Records excerpted from a collection:
■ ■ ■ ■

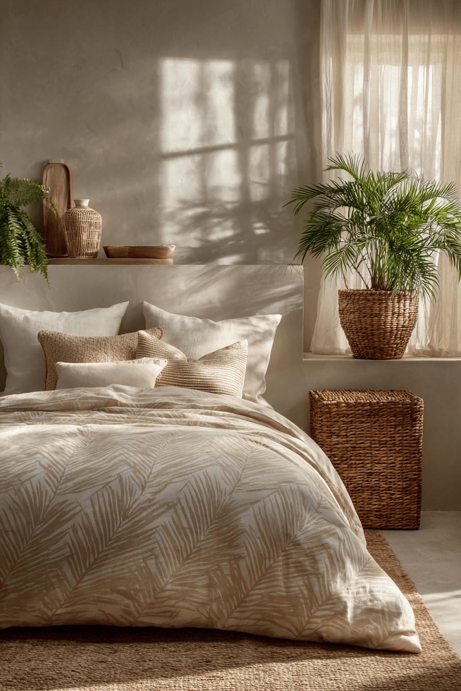 Soft palm-inspired shadows add a relaxed and tropical feel to this beach house bedroom, creating a subtle sense of movement and warmth. Neutral tones like sand, cream, and soft beige are layered with hints of green for a fresh and organic palette. Gentle palm patterns or shadow-like prints appear in textiles or decor, adding visual interest without overwhelming the space. Natural textures such as rattan furniture, linen bedding, and woven baskets enhance the laid-back atmosphere. Light filters softly through sheer curtains, casting beautiful shadows that mimic the feel of a breezy island setting. The space feels calm, breezy, and effortlessly inviting with a hint of tropical charm. Tap to experience this tropical bedroom design!
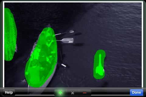 Bei diesem Foto sind der Schwan und das Boot relevante Bildteile. Folglich spart Liquid Scale vor allem an der Wasserfläche zwischen dem Schwan und dem Boot. Der Schwan rückt also bei einer Verkleinerung des Bildes näher an das Boot heran. Natürlich hat auch der beste Algorithmus seine Grenzen und das Bild eignet sich besonders gut für die iPhone-App. Deshalb lassen sich wichtige (grün) und unerwünschte Bereiche (rot) grob markieren.
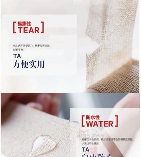 •自粘性:自身粘合,不粘毛发、皮肤、衣物,遇汗水不脱落
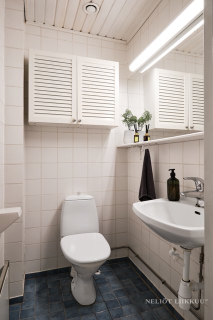 - Myytävä kohde koostuu kahdesta asunnosta ja kolmesta osakesarjasta: huoneisto B (7h+keittiö+saunaosasto+varasto+autotalli), pinta-ala 286,5 m², osakkeet 401-1311, huoneisto C (1h+keittokomero), pinta-ala 22 m², osakkeet 1312-1412 ja autotalli 1, pinta-ala 16,5 m², osakkeet 373-401. Ullakkotilan rakentamiseen ei ole haettu rakennuslupaa eikä se täytä välttämättä kaikilta osin lain vaatimuksia. Ei tarkistusmitattu, joten pinta-alatietoihin liittyy oleellinen epävarmuus. Pinta-alat voivat siis olla edellä mainittua pienempi tai suurempi. Huoneiston 2 ilmoitettu pinta-ala sisältää kaikki tilat, ml uima-allasosasto. YJ:n mukaan pinta-ala 286,5 m², josta vähennetty autotalli ja varasto n. 30 m²
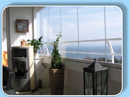 Damit Sie die herrliche ''Meerblick-Atmosphäre'' auch in den Abendstunden und während der kälteren Monate genießen können, haben wir die Terrasse zur Hälfte mit speziellen Glaselementen versehen. So haben wir für Sie eine Art Wintergarten und damit quasi einen zusätzlichen Wohnraum geschaffen.
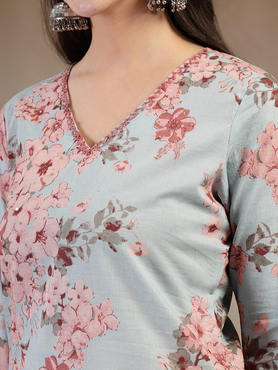 Cotton Calf Length Printed 3/4 Sleeves V-Neck Straight Kurta Suit Set With Dupatta
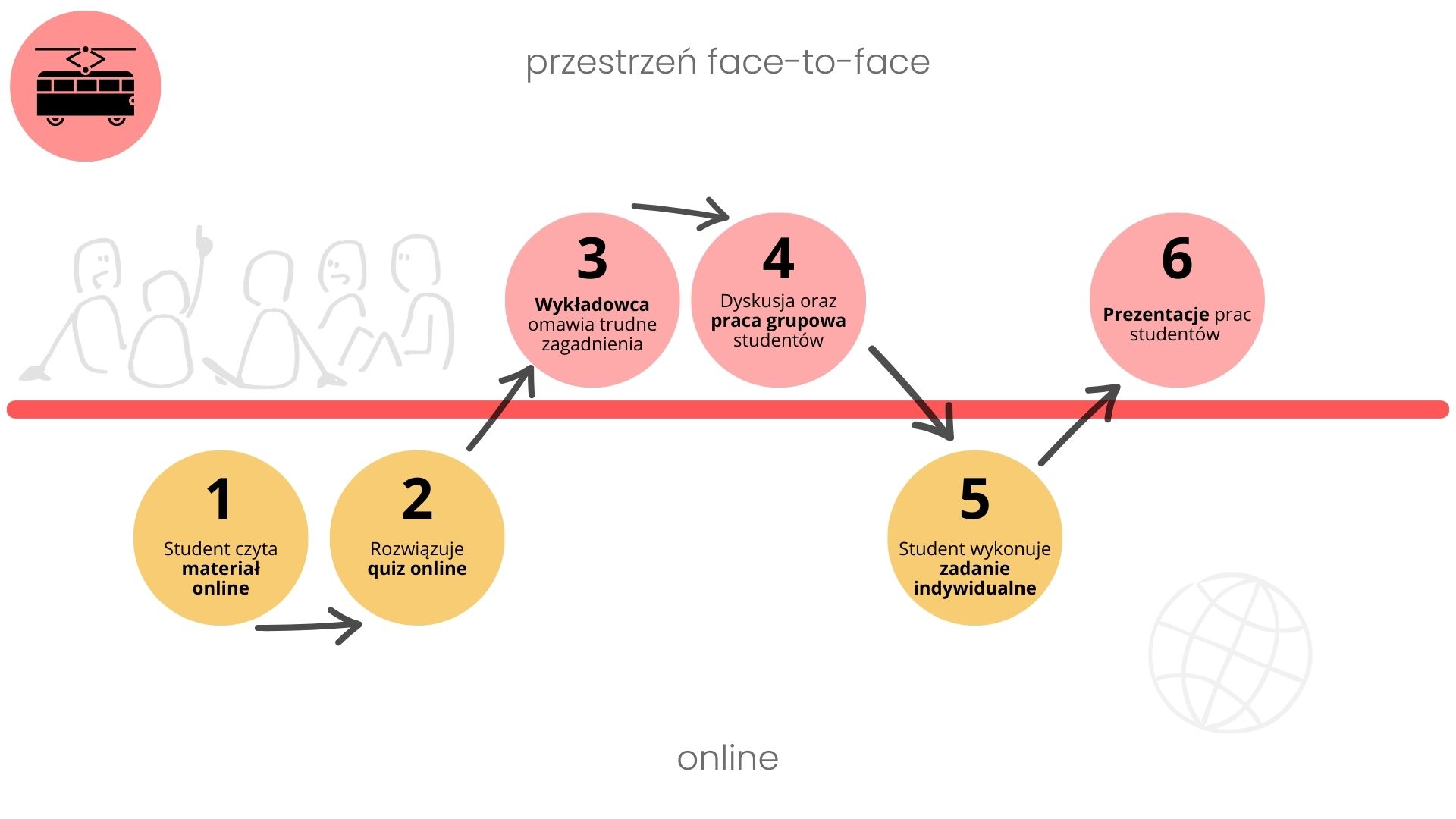 ★ Model tramwajowy, czyli jedna ścieżka nauczania, która przebiega od przystanku do przystanku, czasem stacjonarnie, a czasem online
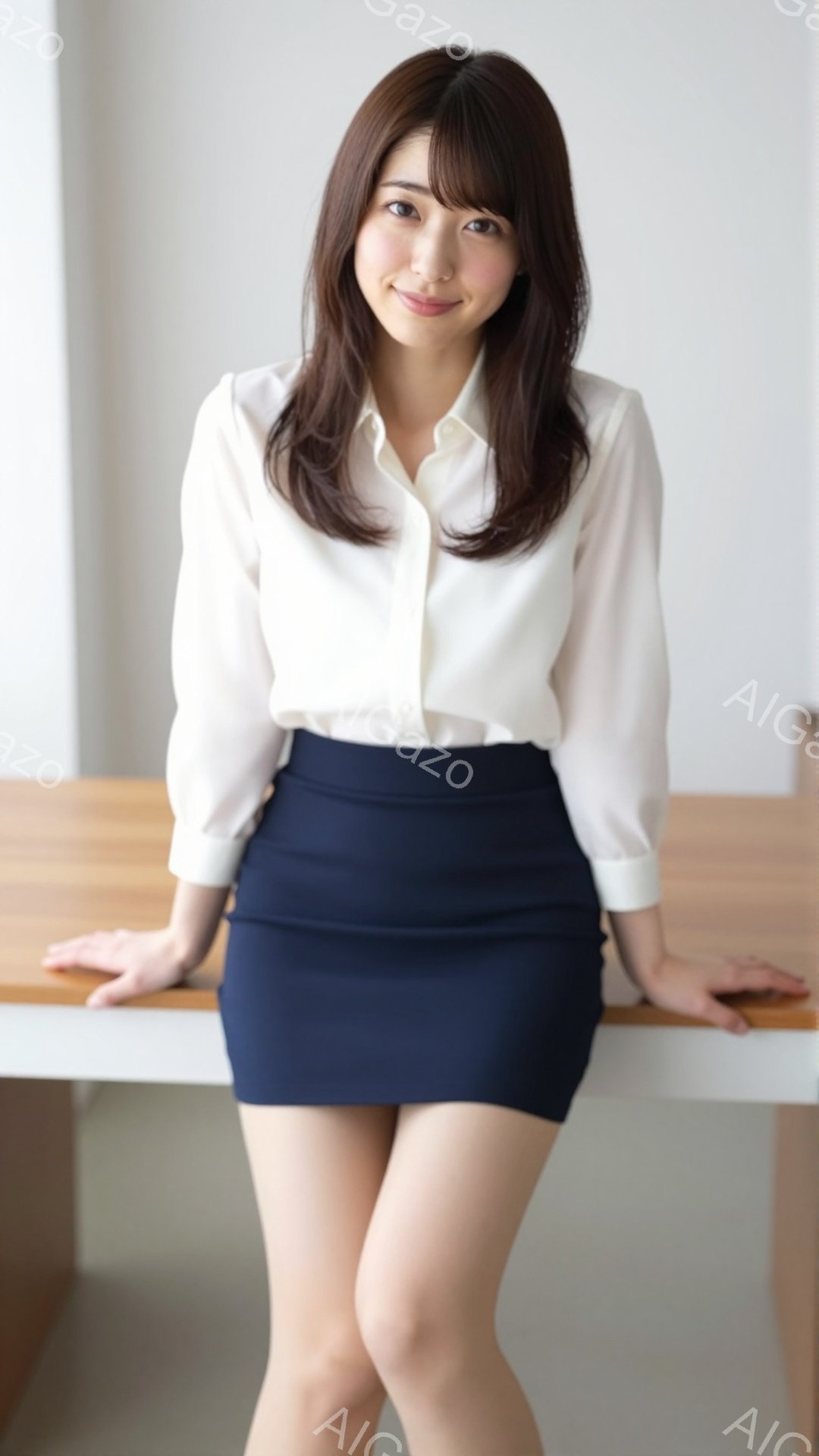 「画像は、白いブラウスと紺色の膝丈スカートを着用した若い女性が写っています。彼女は微笑んでおり、片手を木のテーブルに置き、足を組んで座っています。背景は明るい室内」は、2025年12月22日に作成されたAI生成画像です。 おしゃれをテーマとした高品質なビジュアル素材で、 1080×1920px の解像度で提供しています。 個人利用・商用利用ともに無料でダウンロード可能で、クレジット表記も不要です。

■ ■ ■ ■

◆ TASK DESCRIPTION: Return only the lines from the line containing "Cotton Calf Length" through the last line of the records above, both ends included, exactly as written, leaving pictures out.

◆ TASK OUTPUT:
 Cotton Calf Length Printed 3/4 Sleeves V-Neck Straight Kurta Suit Set With Dupatta
 ★ Model tramwajowy, czyli jedna ścieżka nauczania, która przebiega od przystanku do przystanku, czasem stacjonarnie, a czasem online
 「画像は、白いブラウスと紺色の膝丈スカートを着用した若い女性が写っています。彼女は微笑んでおり、片手を木のテーブルに置き、足を組んで座っています。背景は明るい室内」は、2025年12月22日に作成されたAI生成画像です。 おしゃれをテーマとした高品質なビジュアル素材で、 1080×1920px の解像度で提供しています。 個人利用・商用利用ともに無料でダウンロード可能で、クレジット表記も不要です。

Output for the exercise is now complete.